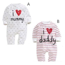Long Sleeve I Love Daddy Mummy Print Stripped Baby Rompers
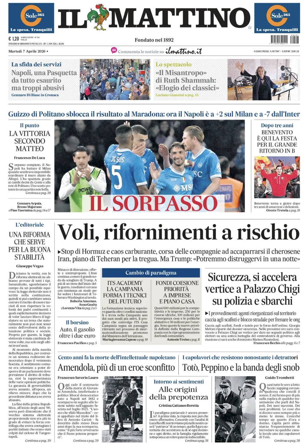 "Il sorpasso", apre così in prima pagina Il Mattino nell'edizione odierna, commentando alla vittoria degli azzurri di Conte che hanno scavalcato i rossoneri di Allegri in classifica. Il sommario: "Guizzo di Politano sblocca il risultato al Maradona: ora il Napoli è a +2 sul Milan e a -7 dall'Inter'". Di seguito la prima pagina integrale.
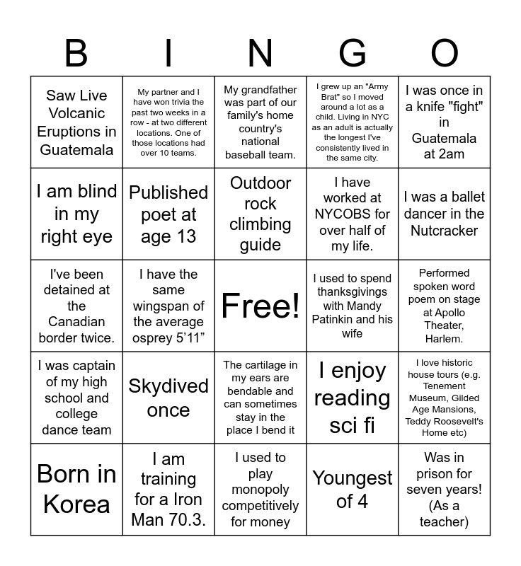 This bingo card has a free space and 31 words: I used to play monopoly competitively for money, When i was in jr. hs i was part of the band that was able to play for willie colon (r.i.p salsa legend). I played my clarinet and the bottom piece of my clarinet kept falling off but it was still a great performance!, I have the same wingspan of the average osprey 5’11”, I don’t know how to swim., Saw Live Volcanic Eruptions in Guatemala, My grandfather was part of our family's home country's national baseball team., Published poet at age 13, I enjoy reading sci fi, I used to spend thanksgivings with Mandy Patinkin and his wife, Youngest of 4, Performed spoken word poem on stage at Apollo Theater, Harlem., Was in prison for seven years! (As a teacher), Went to the same school as David Thomas Abercrombie, co-founder of Abercrombie & Fitch in, I LOVE palindromes, I was a ballet dancer in the Nutcracker, I played the harp as a child, I love historic house tours (e.g. Tenement Museum, Gilded Age Mansions, Teddy Roosevelt's Home etc), Skydived once, I was captain of my high school and college dance team, The cartilage in my ears are bendable and can sometimes stay in the place I bend it, I was once in a knife "fight" in Guatemala at 2am, Played a D1 college sport, Born in Korea, My partner and I have won trivia the past two weeks in a row - at two different locations. One of those locations had over 10 teams., I have worked at NYCOBS for over half of my life., I am blind in my right eye, I grew up an "Army Brat" so I moved around a lot as a child. Living in NYC as an adult is actually the longest I've consistently lived in the same city., I've been detained at the Canadian border twice., I am training for a Iron Man 70.3., Outdoor rock climbing guide and I am a certified scuba diver and got to go on night dives to learn about coral spawning with scientists from the local college as a high school student..
────────
Images are to be left out; everything else in the material must be written out exactly.

Long Sleeve I Love Daddy Mummy Print Stripped Baby Rompers
 "Il sorpasso", apre così in prima pagina Il Mattino nell'edizione odierna, commentando alla vittoria degli azzurri di Conte che hanno scavalcato i rossoneri di Allegri in classifica. Il sommario: "Guizzo di Politano sblocca il risultato al Maradona: ora il Napoli è a +2 sul Milan e a -7 dall'Inter'". Di seguito la prima pagina integrale.
 This bingo card has a free space and 31 words: I used to play monopoly competitively for money, When i was in jr. hs i was part of the band that was able to play for willie colon (r.i.p salsa legend). I played my clarinet and the bottom piece of my clarinet kept falling off but it was still a great performance!, I have the same wingspan of the average osprey 5’11”, I don’t know how to swim., Saw Live Volcanic Eruptions in Guatemala, My grandfather was part of our family's home country's national baseball team., Published poet at age 13, I enjoy reading sci fi, I used to spend thanksgivings with Mandy Patinkin and his wife, Youngest of 4, Performed spoken word poem on stage at Apollo Theater, Harlem., Was in prison for seven years! (As a teacher), Went to the same school as David Thomas Abercrombie, co-founder of Abercrombie & Fitch in, I LOVE palindromes, I was a ballet dancer in the Nutcracker, I played the harp as a child, I love historic house tours (e.g. Tenement Museum, Gilded Age Mansions, Teddy Roosevelt's Home etc), Skydived once, I was captain of my high school and college dance team, The cartilage in my ears are bendable and can sometimes stay in the place I bend it, I was once in a knife "fight" in Guatemala at 2am, Played a D1 college sport, Born in Korea, My partner and I have won trivia the past two weeks in a row - at two different locations. One of those locations had over 10 teams., I have worked at NYCOBS for over half of my life., I am blind in my right eye, I grew up an "Army Brat" so I moved around a lot as a child. Living in NYC as an adult is actually the longest I've consistently lived in the same city., I've been detained at the Canadian border twice., I am training for a Iron Man 70.3., Outdoor rock climbing guide and I am a certified scuba diver and got to go on night dives to learn about coral spawning with scientists from the local college as a high school student..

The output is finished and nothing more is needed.